Exercise requirements -> Would you output all the lines below precisely as they stand, leaving each picture out?
(Input Opens)
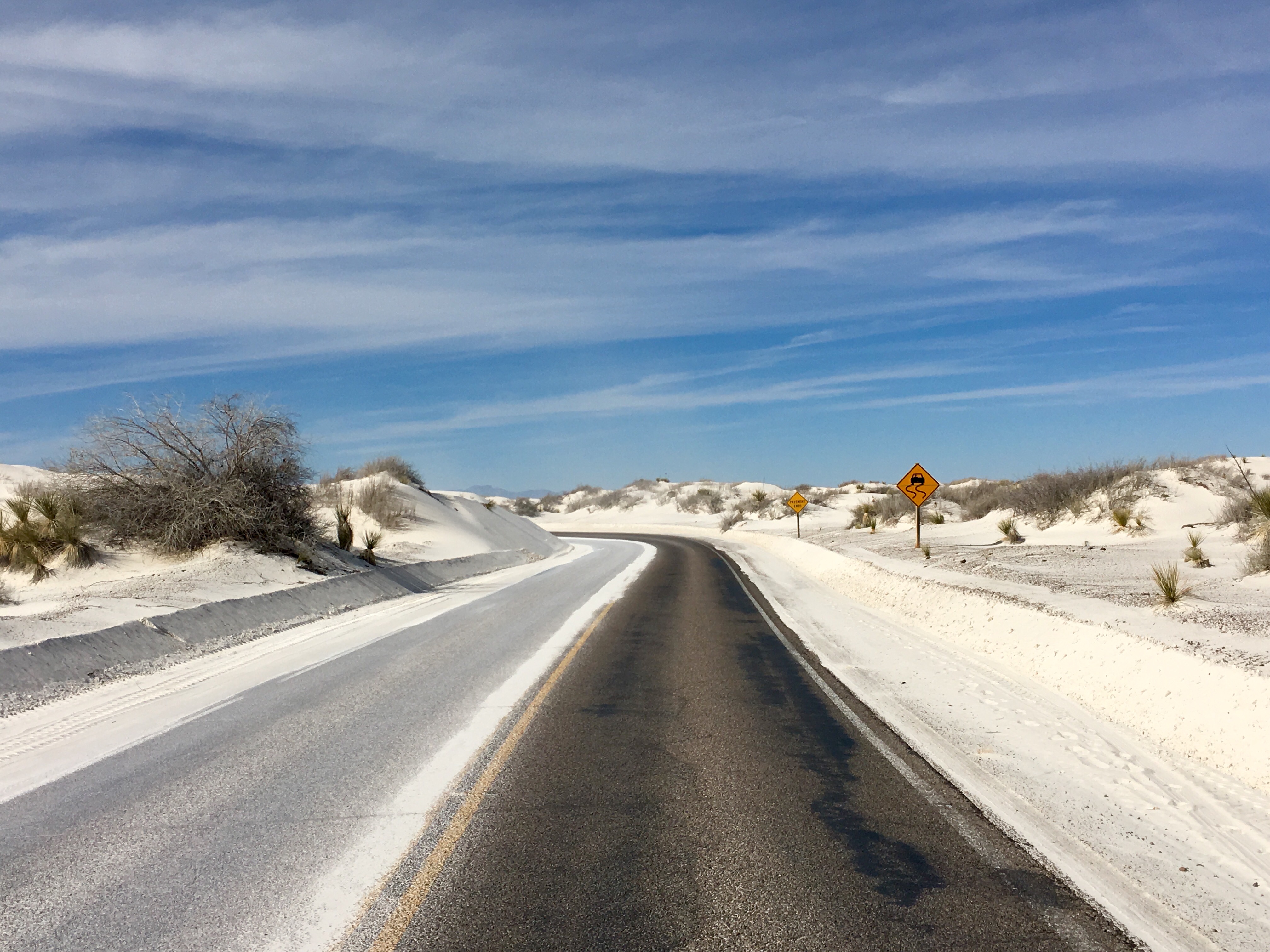 The sixteen-mile drive through the monument weaves between shifting mountains of sand. Once inside the dune field, all is white except for the sky. Sand drifts across the road and must be cleared daily with heavy equipment.
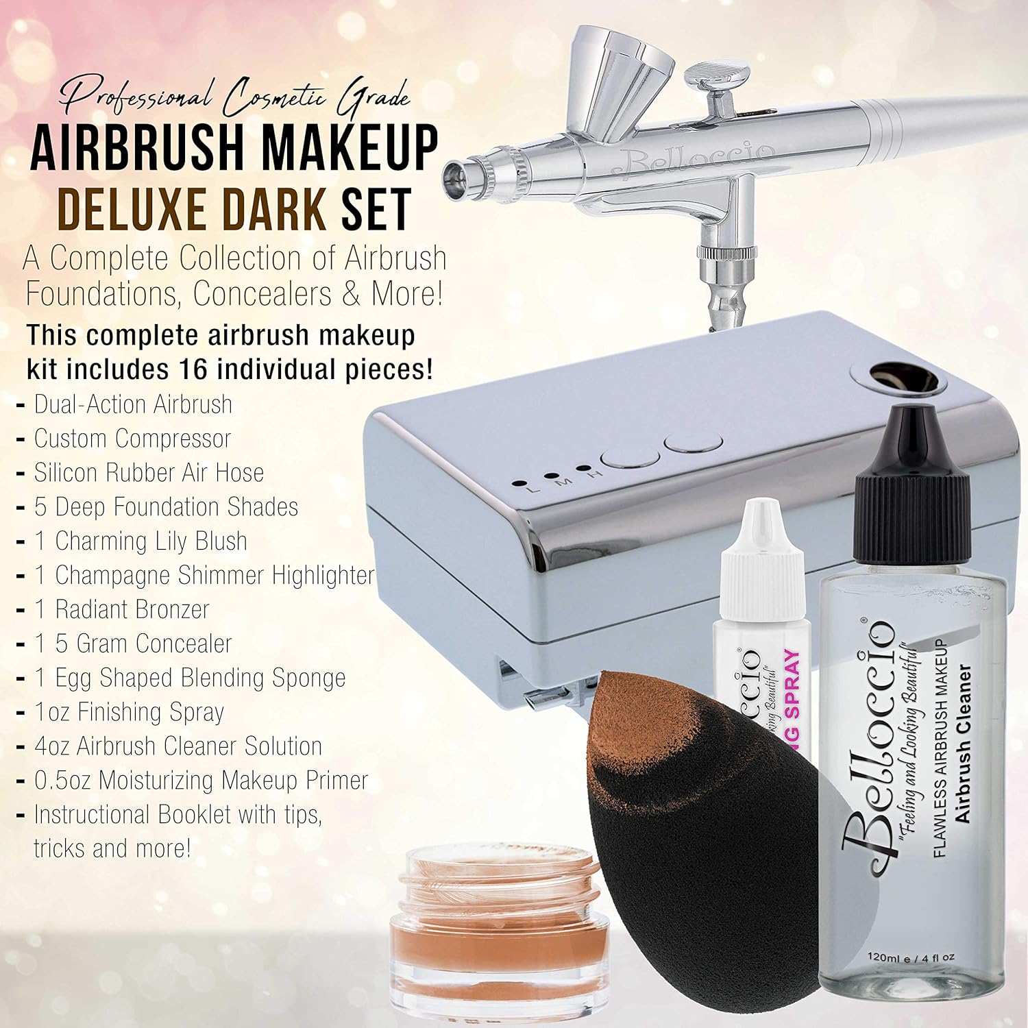 Belloccio Professional Beauty Deluxe Airbrush Cosmetic Makeup System with 5 Dark Shades of Foundation in 1/2 oz Bottles - Kit includes Blush, Bronzer and Highlighters
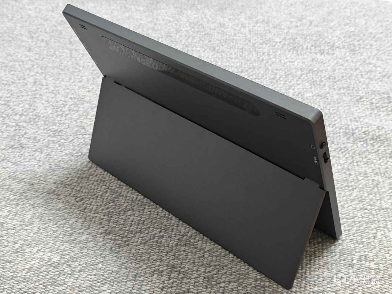 背面的設計也是非常精簡好看,上方是2個揚聲器,對的,這款屏幕自帶音箱!中間是一個裝飾條,下方是顯示器支架的開合位置,能看到做工還是非常可以的,縫隙很小,美觀性是完全不用擔心的。
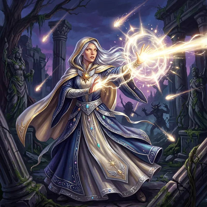 A character resembling a classical fantasy Sorceress in the realm of a mystical role-playing game, exemplifying the Divine Soul Sorcerer class of the Aasimar race. She can be similar to a female protagonist from a well-known fantasy book series, drawn with vibrant and mystical hues to capture the spirit of extraordinary worlds. Capture the character in an intense battle scene, casting radiant spells with powerful facial expressions. The style should be in line with a digital painting, with meticulous details and glowing effects, reminiscent of traditional fantasy novels and artwork.
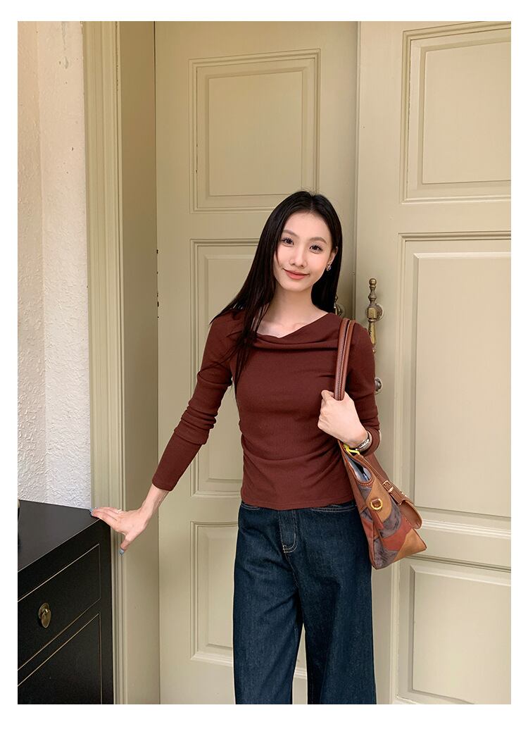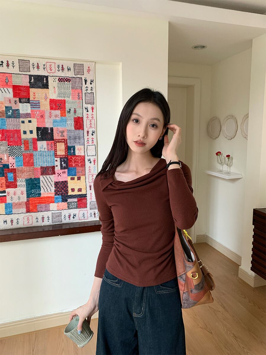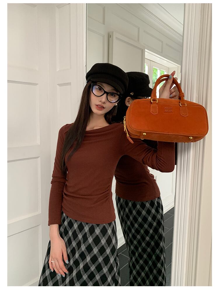 左右非対称な裾のデザインが、個性的な印象を与えます。
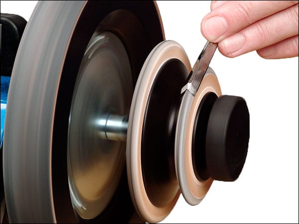 Vervangende wetschijven voor de Tormek LA-120 geprofileerde wetschijven. 1 wetschijf met een radius van 3 mm voor gutsen en 1 wetschijf met een hoek van 60 graden voor v-gutsen.
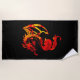 design decorativa de um dragão mítico alado, lagarto ou serpente em chamas como vermelho e laranja numa toalha preta de praia.
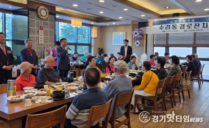 [경기핫타임뉴스=김삼영 기자] 군포시 수리동 주민자치회(회장 고진해)는 제29회 노인의 날을 맞아 지난 10월 2일 수리동 어르신들을 대상으로 경로잔치를 개최했다. 이번 행사는 하은호 군포시장, 이학영 국회부의장 등 여러 내빈과 수리동 직능단체장들이 어르신 100여 명과 뜻깊은 자리를 함께했다.
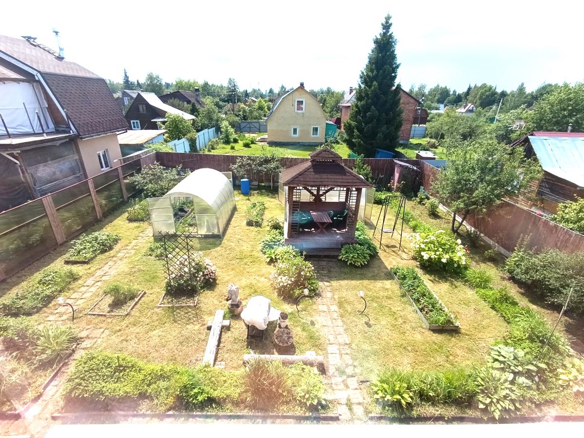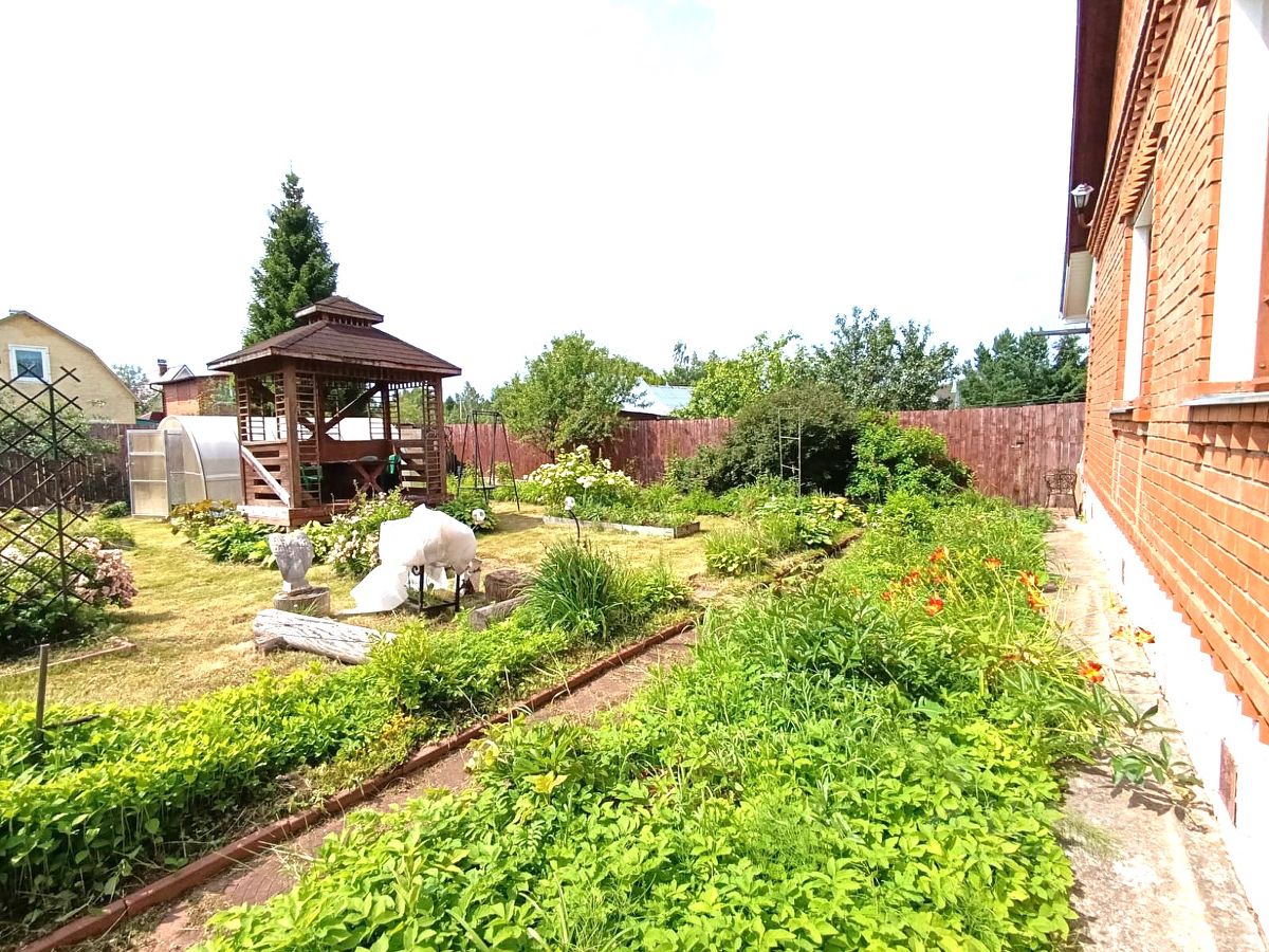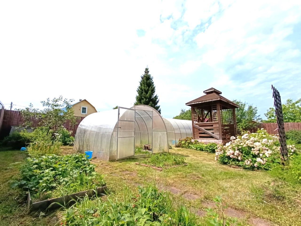 На ухоженном участке располагаются две теплицы и беседка. Также есть грядки и садово-плодовые растения.
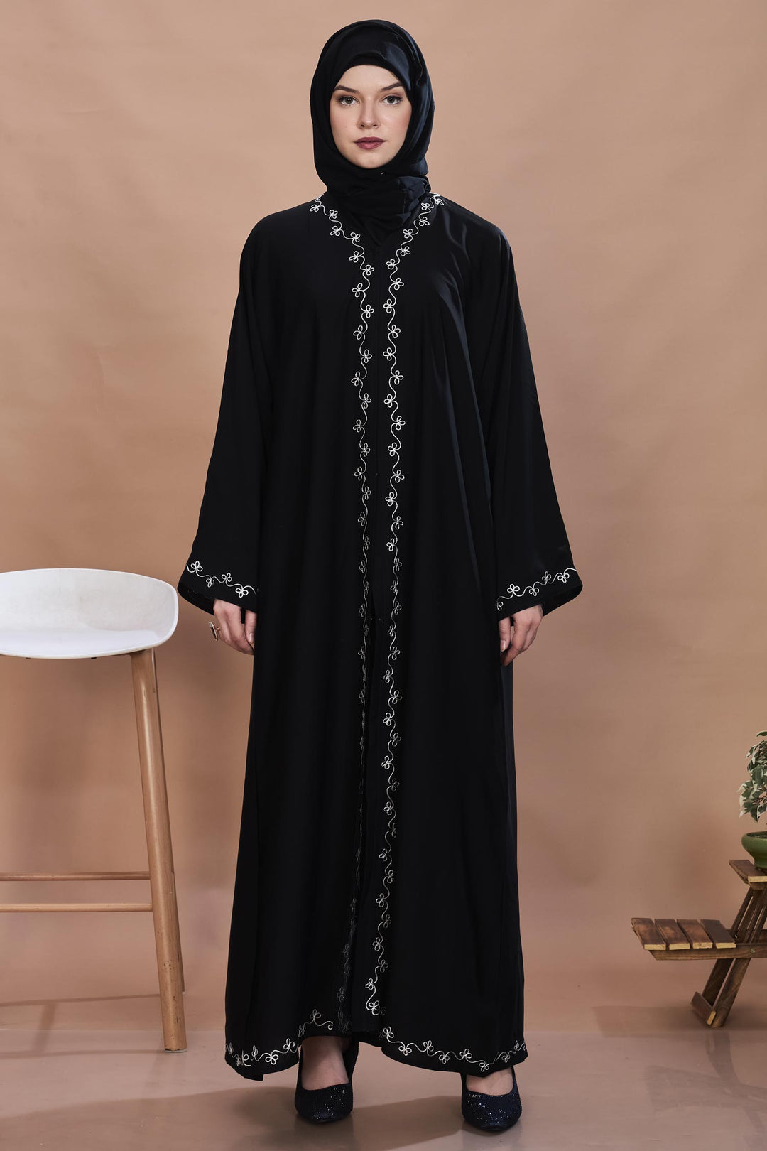 Black Swirl Embroidery Abaya
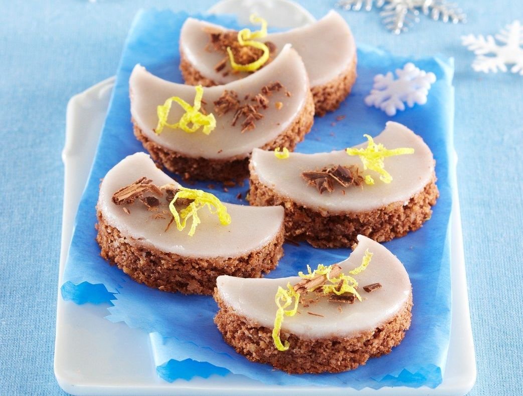 Ko se pečeno testo ohladi do mlačnega, ga po vrhu prelijemo s pripravljenim prelivom in pustimo, da se strdi. Iz testa s pomočjo posebnega modelčka ali kozarca izrežemo lunice, ki jih polagamo na servirni krožnik ali pladenj. Poljubno jih okrasimo (limonina lupinica, nastrgana čokolada, mrvice, perlice) in postrežemo.
(Input Closes)
Solved exercise ->
 The sixteen-mile drive through the monument weaves between shifting mountains of sand. Once inside the dune field, all is white except for the sky. Sand drifts across the road and must be cleared daily with heavy equipment.
 Belloccio Professional Beauty Deluxe Airbrush Cosmetic Makeup System with 5 Dark Shades of Foundation in 1/2 oz Bottles - Kit includes Blush, Bronzer and Highlighters
 背面的設計也是非常精簡好看,上方是2個揚聲器,對的,這款屏幕自帶音箱!中間是一個裝飾條,下方是顯示器支架的開合位置,能看到做工還是非常可以的,縫隙很小,美觀性是完全不用擔心的。
 A character resembling a classical fantasy Sorceress in the realm of a mystical role-playing game, exemplifying the Divine Soul Sorcerer class of the Aasimar race. She can be similar to a female protagonist from a well-known fantasy book series, drawn with vibrant and mystical hues to capture the spirit of extraordinary worlds. Capture the character in an intense battle scene, casting radiant spells with powerful facial expressions. The style should be in line with a digital painting, with meticulous details and glowing effects, reminiscent of traditional fantasy novels and artwork.
 左右非対称な裾のデザインが、個性的な印象を与えます。
 Vervangende wetschijven voor de Tormek LA-120 geprofileerde wetschijven. 1 wetschijf met een radius van 3 mm voor gutsen en 1 wetschijf met een hoek van 60 graden voor v-gutsen.
 design decorativa de um dragão mítico alado, lagarto ou serpente em chamas como vermelho e laranja numa toalha preta de praia.
 [경기핫타임뉴스=김삼영 기자] 군포시 수리동 주민자치회(회장 고진해)는 제29회 노인의 날을 맞아 지난 10월 2일 수리동 어르신들을 대상으로 경로잔치를 개최했다. 이번 행사는 하은호 군포시장, 이학영 국회부의장 등 여러 내빈과 수리동 직능단체장들이 어르신 100여 명과 뜻깊은 자리를 함께했다.
 На ухоженном участке располагаются две теплицы и беседка. Также есть грядки и садово-плодовые растения.
 Black Swirl Embroidery Abaya
 Ko se pečeno testo ohladi do mlačnega, ga po vrhu prelijemo s pripravljenim prelivom in pustimo, da se strdi. Iz testa s pomočjo posebnega modelčka ali kozarca izrežemo lunice, ki jih polagamo na servirni krožnik ali pladenj. Poljubno jih okrasimo (limonina lupinica, nastrgana čokolada, mrvice, perlice) in postrežemo.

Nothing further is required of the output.